- _Records for this exercise_
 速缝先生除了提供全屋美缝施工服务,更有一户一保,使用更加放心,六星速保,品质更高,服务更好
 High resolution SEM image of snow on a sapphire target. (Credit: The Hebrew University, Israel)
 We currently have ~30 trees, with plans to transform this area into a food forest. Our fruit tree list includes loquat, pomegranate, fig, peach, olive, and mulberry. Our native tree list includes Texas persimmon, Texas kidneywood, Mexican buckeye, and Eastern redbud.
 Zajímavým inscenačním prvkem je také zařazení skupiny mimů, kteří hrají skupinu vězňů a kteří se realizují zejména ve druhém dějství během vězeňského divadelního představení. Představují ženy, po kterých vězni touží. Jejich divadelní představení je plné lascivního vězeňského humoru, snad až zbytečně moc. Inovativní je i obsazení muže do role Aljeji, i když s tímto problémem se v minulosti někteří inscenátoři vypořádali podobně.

* * *

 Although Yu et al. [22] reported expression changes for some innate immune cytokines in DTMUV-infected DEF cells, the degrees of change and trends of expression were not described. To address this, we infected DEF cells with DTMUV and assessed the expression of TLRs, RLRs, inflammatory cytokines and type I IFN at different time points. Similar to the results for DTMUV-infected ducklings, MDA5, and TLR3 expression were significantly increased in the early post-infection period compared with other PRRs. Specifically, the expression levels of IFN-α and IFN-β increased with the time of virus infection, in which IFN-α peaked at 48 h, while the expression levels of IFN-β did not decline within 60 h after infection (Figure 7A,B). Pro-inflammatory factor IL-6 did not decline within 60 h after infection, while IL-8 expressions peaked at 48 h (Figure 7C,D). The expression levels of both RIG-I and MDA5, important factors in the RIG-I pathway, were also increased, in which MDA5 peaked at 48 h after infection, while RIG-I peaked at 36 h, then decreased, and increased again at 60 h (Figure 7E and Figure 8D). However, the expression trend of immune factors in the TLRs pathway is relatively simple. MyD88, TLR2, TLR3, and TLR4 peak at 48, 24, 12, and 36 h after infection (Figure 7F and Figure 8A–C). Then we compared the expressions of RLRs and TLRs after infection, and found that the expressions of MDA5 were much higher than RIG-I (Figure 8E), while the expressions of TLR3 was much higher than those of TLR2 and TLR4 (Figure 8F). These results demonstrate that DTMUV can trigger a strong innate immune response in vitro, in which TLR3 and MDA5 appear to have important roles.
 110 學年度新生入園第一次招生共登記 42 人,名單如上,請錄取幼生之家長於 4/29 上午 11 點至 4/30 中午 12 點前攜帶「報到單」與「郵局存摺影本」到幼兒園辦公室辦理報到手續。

- _Prompt_
In the data above, find the line with "速缝先生除了提供全屋美缝施工" and the line with "Zajímavým inscenačním prvkem". Retype both, plus every line between them, exactly.

- _Your solution_
 速缝先生除了提供全屋美缝施工服务,更有一户一保,使用更加放心,六星速保,品质更高,服务更好
 High resolution SEM image of snow on a sapphire target. (Credit: The Hebrew University, Israel)
 We currently have ~30 trees, with plans to transform this area into a food forest. Our fruit tree list includes loquat, pomegranate, fig, peach, olive, and mulberry. Our native tree list includes Texas persimmon, Texas kidneywood, Mexican buckeye, and Eastern redbud.
 Zajímavým inscenačním prvkem je také zařazení skupiny mimů, kteří hrají skupinu vězňů a kteří se realizují zejména ve druhém dějství během vězeňského divadelního představení. Představují ženy, po kterých vězni touží. Jejich divadelní představení je plné lascivního vězeňského humoru, snad až zbytečně moc. Inovativní je i obsazení muže do role Aljeji, i když s tímto problémem se v minulosti někteří inscenátoři vypořádali podobně.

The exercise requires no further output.